YOUR ASSIGNMENT → For the data below, give again exactly the lines from the one containing "This image of" through the one containing "Размер каждой свечи", both ends included, and no others.

MATERIAL PROVIDED →
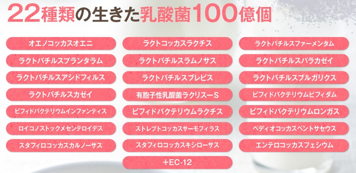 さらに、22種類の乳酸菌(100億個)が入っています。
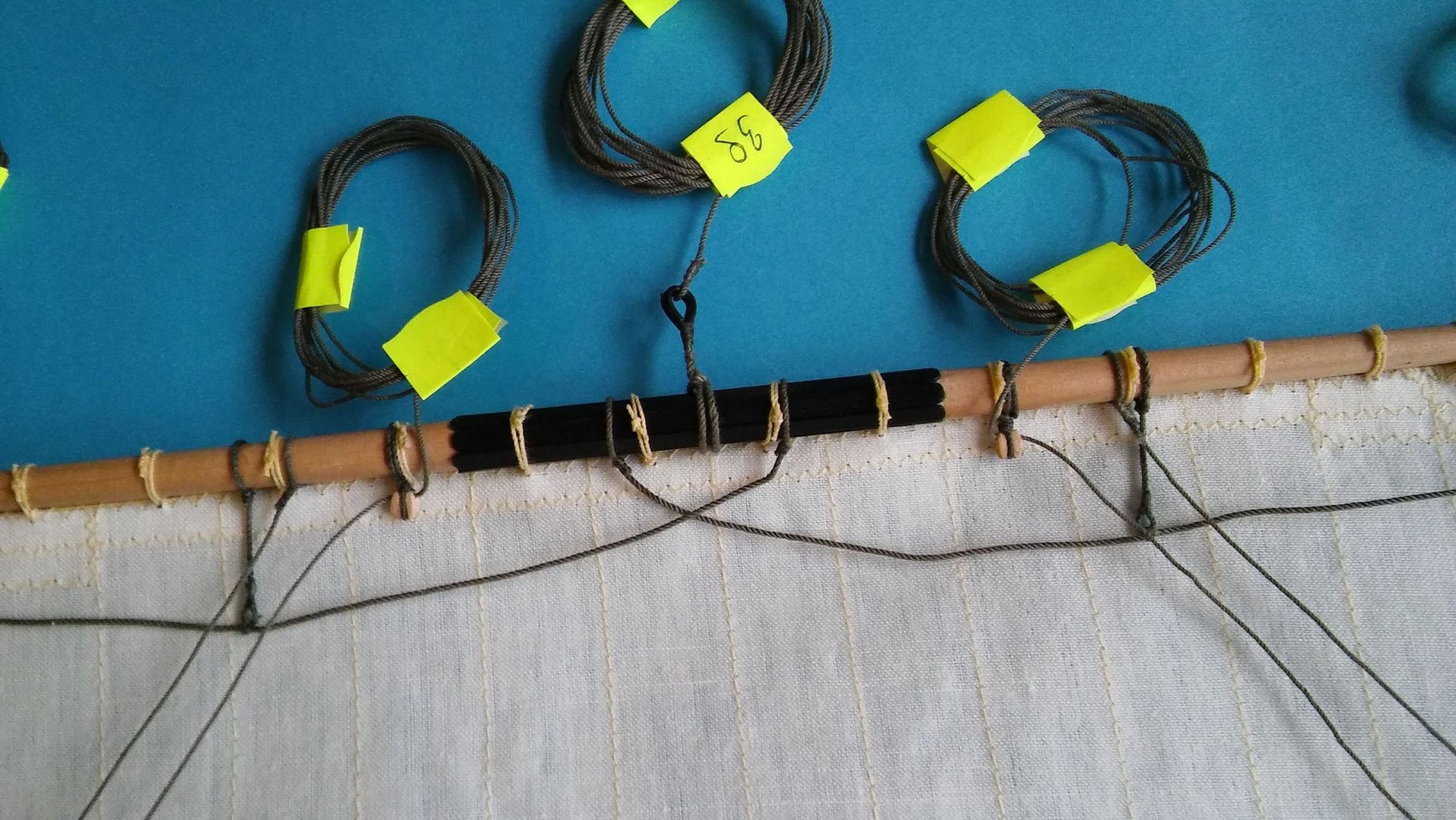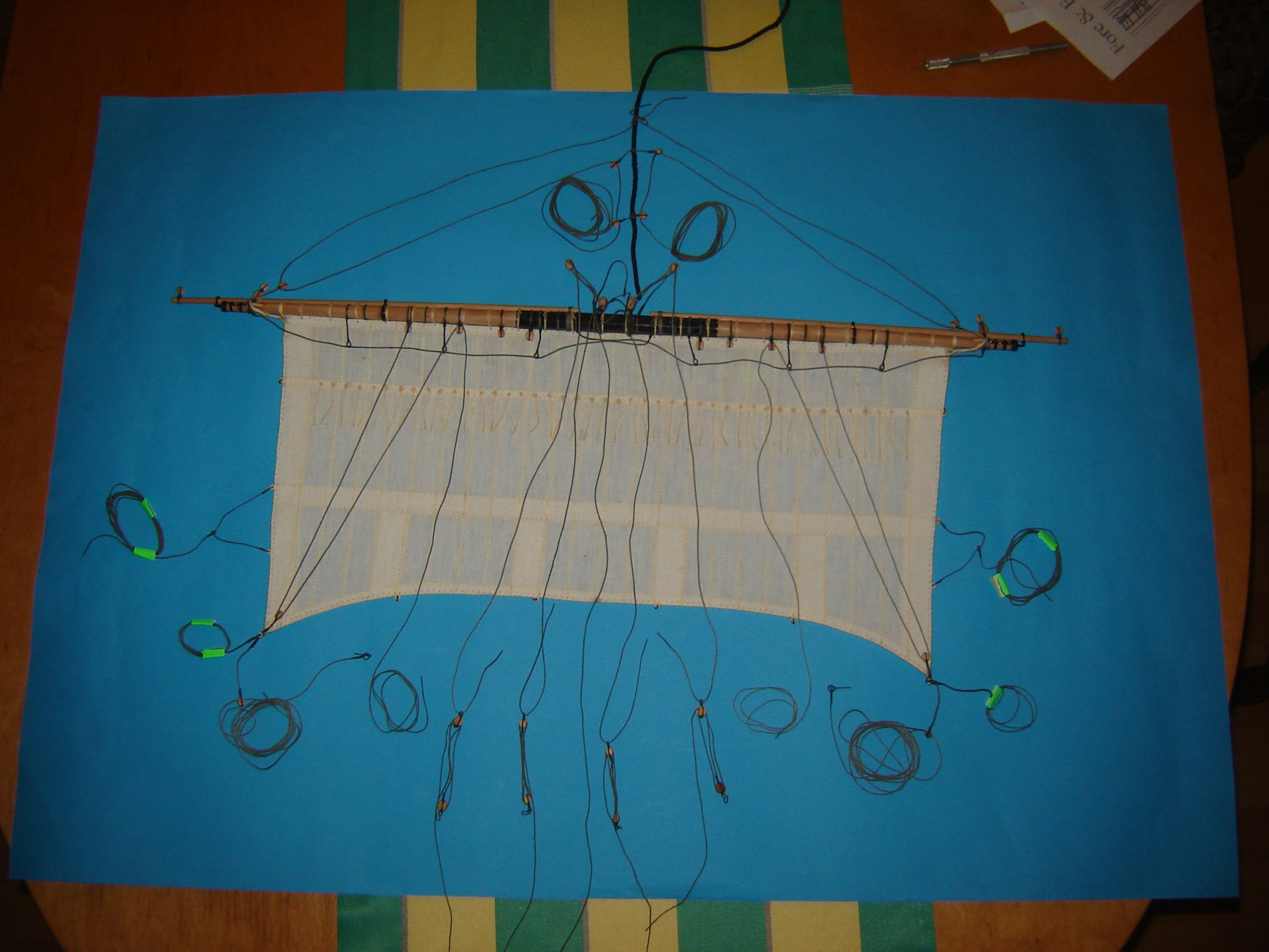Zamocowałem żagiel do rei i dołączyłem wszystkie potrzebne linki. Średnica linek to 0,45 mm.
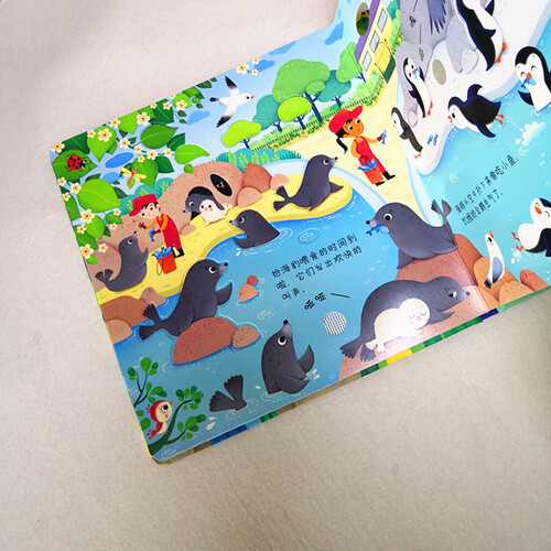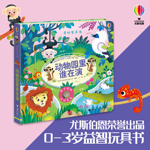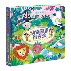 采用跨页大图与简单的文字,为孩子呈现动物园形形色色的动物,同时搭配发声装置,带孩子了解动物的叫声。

...

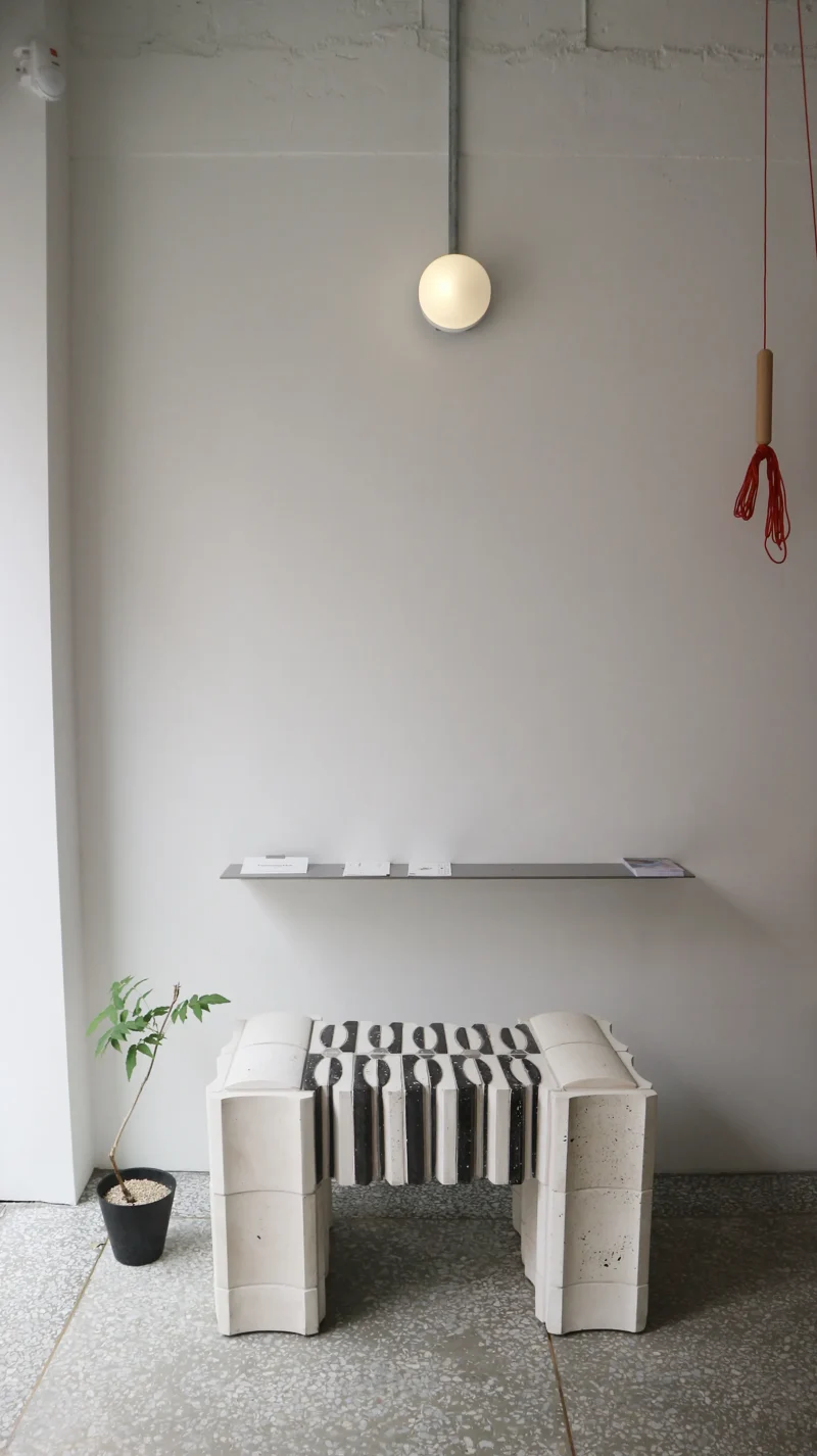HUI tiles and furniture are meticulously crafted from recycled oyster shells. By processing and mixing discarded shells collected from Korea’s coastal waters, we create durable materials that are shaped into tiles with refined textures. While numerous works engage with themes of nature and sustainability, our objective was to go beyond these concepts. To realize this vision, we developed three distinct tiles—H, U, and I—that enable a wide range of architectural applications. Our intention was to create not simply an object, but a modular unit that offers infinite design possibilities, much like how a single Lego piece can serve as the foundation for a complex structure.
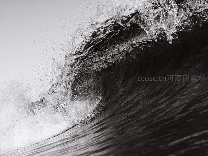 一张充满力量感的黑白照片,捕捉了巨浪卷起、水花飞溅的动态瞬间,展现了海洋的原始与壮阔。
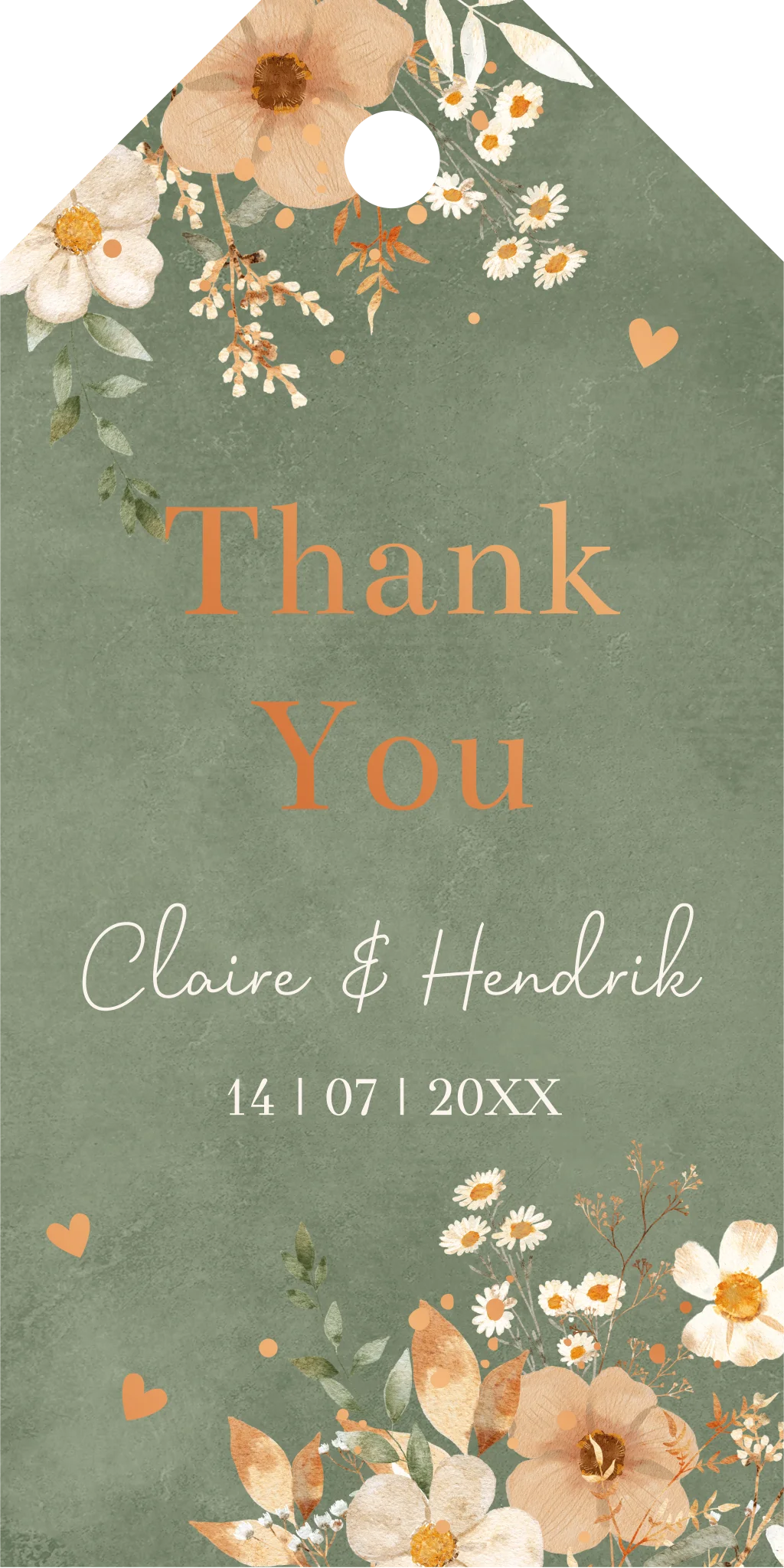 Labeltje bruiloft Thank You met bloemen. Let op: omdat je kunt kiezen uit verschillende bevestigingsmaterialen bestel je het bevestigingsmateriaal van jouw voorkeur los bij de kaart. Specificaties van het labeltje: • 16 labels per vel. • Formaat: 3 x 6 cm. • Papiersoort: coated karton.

...

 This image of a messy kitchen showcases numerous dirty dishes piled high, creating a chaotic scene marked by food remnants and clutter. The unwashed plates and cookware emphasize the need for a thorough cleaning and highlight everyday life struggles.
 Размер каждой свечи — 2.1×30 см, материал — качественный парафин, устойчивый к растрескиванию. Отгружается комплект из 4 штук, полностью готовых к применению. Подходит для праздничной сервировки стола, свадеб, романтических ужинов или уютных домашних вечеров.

SOLUTION TO THIS EXERCISE →
 This image of a messy kitchen showcases numerous dirty dishes piled high, creating a chaotic scene marked by food remnants and clutter. The unwashed plates and cookware emphasize the need for a thorough cleaning and highlight everyday life struggles.
 Размер каждой свечи — 2.1×30 см, материал — качественный парафин, устойчивый к растрескиванию. Отгружается комплект из 4 штук, полностью готовых к применению. Подходит для праздничной сервировки стола, свадеб, романтических ужинов или уютных домашних вечеров.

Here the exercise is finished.